**MATERIAL PROVIDED**
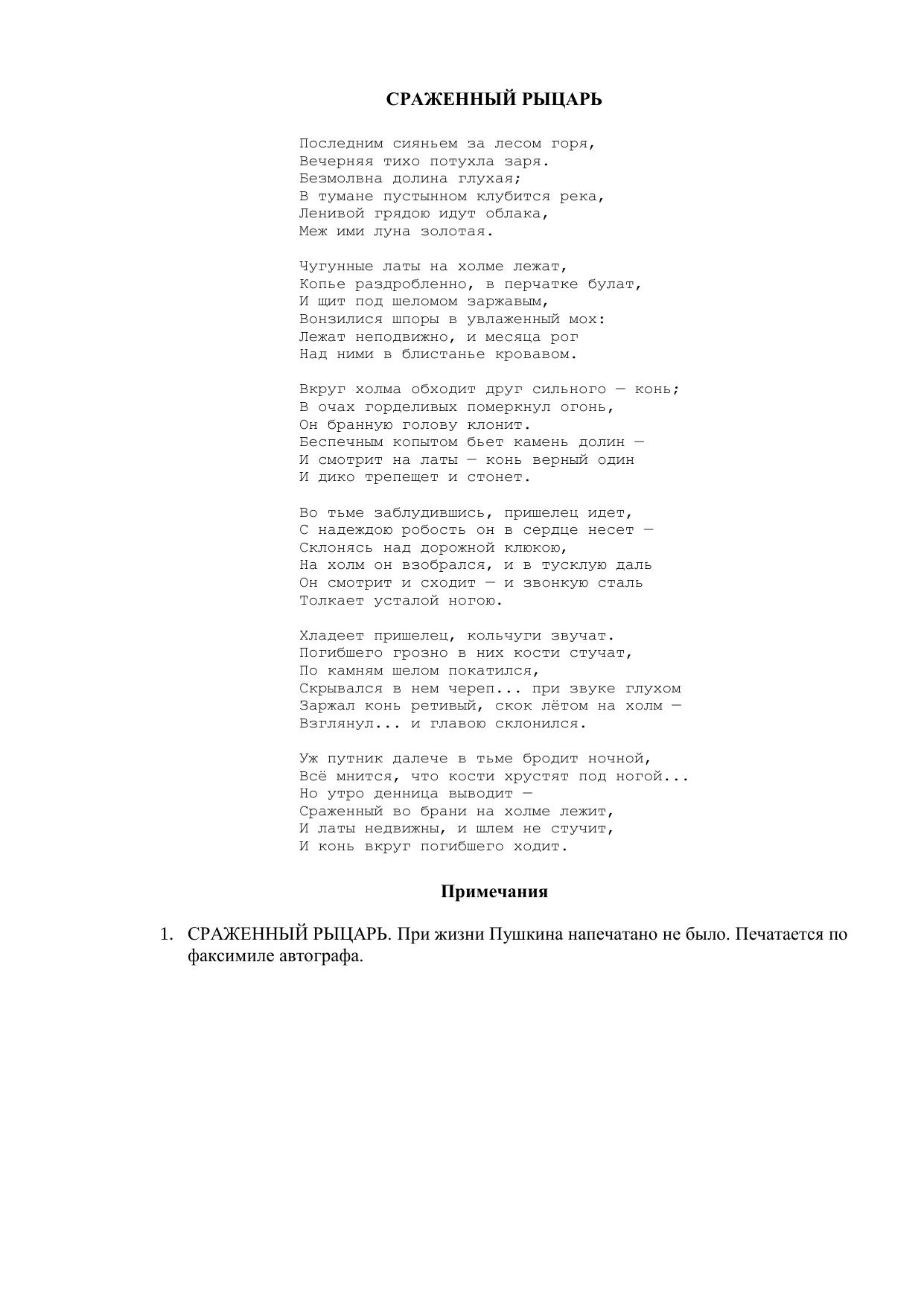Сраженный рыцарь ("Последним сияньем за лесом горя...")
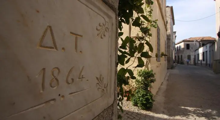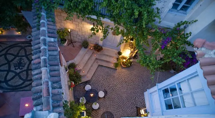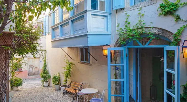 “Stone floors, fireplaces, rich fabrics, and traditional furnishings reflect the good taste that pervades these two photogenic, 150-year-old Greek houses on an atmospheric old backstreet.”
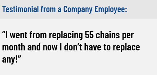 According to the company, the facility experienced frequent chain binding and breakage due to their previous lubricant failing to last in harsh, particulate heavy conditions. Maintenance crews were forcedto lubricate daily, consuming 60 gallons of productannually and replacing 55 chains per month due tobreakage, resulting in downtime, laborinefficiencies, and rising maintenance costs.
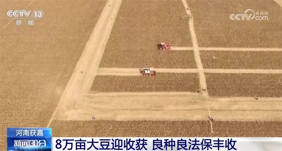 金秋十月,河南新鄉(xiāng)市獲嘉縣8.25萬畝大豆迎來了收獲期,大豆田里收割機往來穿梭、有序作業(yè)。近年來,當?shù)剞r業(yè)專家探索出的一套“良種+良法”相配套、“農機+農藝”相結合的高產優(yōu)質栽培管理技術,為大豆高產夯實了技術保障。

**EXERCISE AIM**
Pictures are to be left out; otherwise, copy exactly each line from the one containing "According to the" through the last line of the listing.

**RESPONSE AREA**
 According to the company, the facility experienced frequent chain binding and breakage due to their previous lubricant failing to last in harsh, particulate heavy conditions. Maintenance crews were forcedto lubricate daily, consuming 60 gallons of productannually and replacing 55 chains per month due tobreakage, resulting in downtime, laborinefficiencies, and rising maintenance costs.
 金秋十月,河南新鄉(xiāng)市獲嘉縣8.25萬畝大豆迎來了收獲期,大豆田里收割機往來穿梭、有序作業(yè)。近年來,當?shù)剞r業(yè)專家探索出的一套“良種+良法”相配套、“農機+農藝”相結合的高產優(yōu)質栽培管理技術,為大豆高產夯實了技術保障。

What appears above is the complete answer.